Mr. Speaker, as someone who represents an area right along the corridor and highway often referred to as the Highway of Tears, I find the sources of this tragedy often complex and multi-tiered, and the solutions equally so. One of the struggles we have with the Conservatives' approach to this point is that while they have established commissions and inquiries into other things, in particular the missing salmon inquiry in British Columbia on what happened on the Fraser River, there is an inordinate reluctance on their part to get at the truth of the situation here. That is what is needed before progress can be made. They make great fanfare about spending some $10 million or $11 million over four or five years on programs addressing violence against aboriginal women, and they know full well that is a drop in the bucket, considering the needs of 650 aboriginal reserves across the country, to just name one group.
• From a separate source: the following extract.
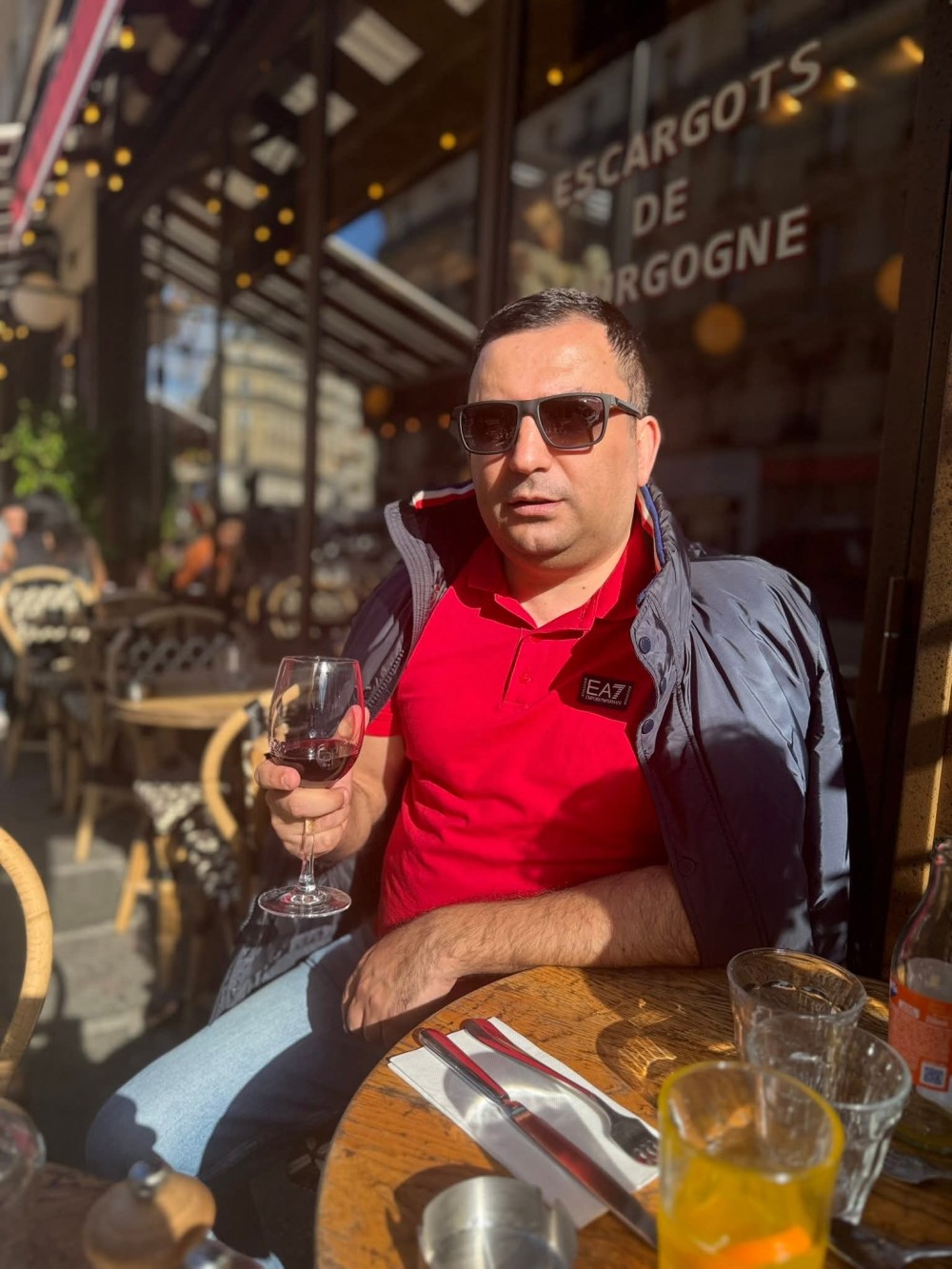Gəlin başlayaq... Fransanın paytaxtı Parisdə yerləşən Louvre Muzeyi (Musée du Louvre) önündə əlində qırmızı şərab olan fotosuna S.Teymurov həmin fotoya “In vino veritas” (“Şərabda həqiqət var”) sözlərini qeyd edib.

I find it confusing and somewhat perplexing that the Minister of Aboriginal Affairs, the Minister of Health and the Minister of Justice were all present for the debate earlier today, yet the aboriginal affairs minister in particular chose not to speak at all. The responsibility would at least fall to him to make some comment to the families of these missing women and girls, and yet he sat in the House and listened to a few things and left.
I do not think it is too much to say that the pattern of the government's language is that silence will be met with more silence. It should simply address the issue, face to face, with those communities and those families. The government cannot simply say that a crime and order agenda is enough. It needs to do more, and a full public inquiry would be what families are calling for.